Intermittent transient anomaly at data's edge

We just starting to use ML and we are having trouble with it. With a real-time datafeed running it (intermittently) detects anomaly right at the edge of new data. The anomaly is either "unexpected 0" or value that is super low. Few minutes later the anomaly clears up and disappears from anomaly explorer. However, watcher that is setup for this ML job already fired and send out false email.
I verified that ingested data is never more than 1 min behind. In fact, I setup watcher alert to notify if number of ingested documents in this particular index is below threshold.

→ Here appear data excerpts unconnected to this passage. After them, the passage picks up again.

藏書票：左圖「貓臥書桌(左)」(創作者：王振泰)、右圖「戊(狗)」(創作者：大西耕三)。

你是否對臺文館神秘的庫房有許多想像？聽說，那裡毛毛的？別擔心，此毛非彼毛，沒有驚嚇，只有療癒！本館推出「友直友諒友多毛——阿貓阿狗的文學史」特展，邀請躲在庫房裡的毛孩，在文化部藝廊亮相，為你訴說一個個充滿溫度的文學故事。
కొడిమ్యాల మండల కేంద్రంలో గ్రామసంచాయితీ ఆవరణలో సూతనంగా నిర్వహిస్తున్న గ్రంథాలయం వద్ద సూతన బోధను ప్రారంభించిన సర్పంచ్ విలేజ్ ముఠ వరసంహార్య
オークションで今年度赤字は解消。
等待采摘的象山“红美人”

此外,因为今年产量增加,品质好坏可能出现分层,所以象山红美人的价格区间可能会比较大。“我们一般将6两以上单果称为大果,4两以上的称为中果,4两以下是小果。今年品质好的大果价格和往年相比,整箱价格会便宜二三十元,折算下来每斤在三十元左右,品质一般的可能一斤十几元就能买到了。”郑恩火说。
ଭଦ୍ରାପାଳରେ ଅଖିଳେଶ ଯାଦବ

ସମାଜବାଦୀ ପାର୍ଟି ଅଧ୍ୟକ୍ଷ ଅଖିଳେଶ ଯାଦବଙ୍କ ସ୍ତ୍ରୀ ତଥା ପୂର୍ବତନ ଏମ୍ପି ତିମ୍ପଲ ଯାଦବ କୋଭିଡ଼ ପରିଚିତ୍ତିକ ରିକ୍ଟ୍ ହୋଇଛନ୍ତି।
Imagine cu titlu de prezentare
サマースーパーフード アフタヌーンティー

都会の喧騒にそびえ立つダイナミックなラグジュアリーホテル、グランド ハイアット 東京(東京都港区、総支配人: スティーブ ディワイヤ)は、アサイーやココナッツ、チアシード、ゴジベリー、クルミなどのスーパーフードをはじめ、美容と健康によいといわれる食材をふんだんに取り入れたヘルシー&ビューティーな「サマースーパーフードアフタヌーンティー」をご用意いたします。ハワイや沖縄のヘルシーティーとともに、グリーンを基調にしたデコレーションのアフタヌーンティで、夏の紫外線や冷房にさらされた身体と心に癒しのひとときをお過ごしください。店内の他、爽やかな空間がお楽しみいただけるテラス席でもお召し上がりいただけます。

That alert never fired.
I keep pushing "query_delay" parameter to where it is now at 25m and it doesn't seem to help.
Here is the ML job configuration:
{
"count": 1,
"jobs": [
{
"job_id": "convex-programmatic-bids",
"job_type": "anomaly_detector",
"job_version": "6.5.1",
"groups": [
"convex"
],
"description": "Convex received bids from partners",
"create_time": 1548442241884,
"established_model_memory": 97060,
"analysis_config": {
"bucket_span": "15m",
"detectors": [
{
"detector_description": "low_sum(convex.programmatic.impressions_value)",
"function": "low_sum",
"field_name": "convex.programmatic.impressions_value",
"partition_field_name": "partner",
"detector_index": 0
}
],
"influencers": [
"partner",
"dc.keyword"
]
},
"analysis_limits": {
"model_memory_limit": "36mb",
"categorization_examples_limit": 4
},
"data_description": {
"time_field": "@timestamp",
"time_format": "epoch_ms"
},
"model_snapshot_retention_days": 1,
"custom_settings": {
"custom_urls":
},
"model_snapshot_id": "1548459684",
"results_index_name": "custom-convex-programmatic-bids"
}
]
}

And datafeed config:
{
"count": 1,
"datafeeds": [
{
"datafeed_id": "datafeed-convex-programmatic-bids",
"job_id": "convex-programmatic-bids",
"query_delay": "25m",
"frequency": "1m",
"indices": [
"logstash_convex-*"
],
"types": ,
"query": {
"bool": {
"filter": [
{
"exists": {
"field": "convex.programmatic.impressions_value",
"boost": 1
}
},
{
"match": {
"status.keyword": {
"query": "BID",
"operator": "OR",
"prefix_length": 0,
"max_expansions": 50,
"fuzzy_transpositions": true,
"lenient": false,
"zero_terms_query": "NONE",
"auto_generate_synonyms_phrase_query": true,
"boost": 1
}
}
}
],
"adjust_pure_negative": true,
"boost": 1
}
},
"scroll_size": 1000,
"chunking_config": {
"mode": "auto"
}
}
]
}

Seems similar to: ML alerts triggering on interim result

See that thread for the workaround and the related bug report at: https://github.com/elastic/ml-cpp/issues/324

Thanks @richcollier, it does indeed seem similar. I didn't see workaround in the other thread, I assume its to add filter to watcher query to ignore interim results?

Yes - that is the workaround!

Verified that was indeed the issue and solved by filtering interim results in the watcher.

Thank you for the help. I'll be monitoring bug also.

This topic was automatically closed 28 days after the last reply. New replies are no longer allowed.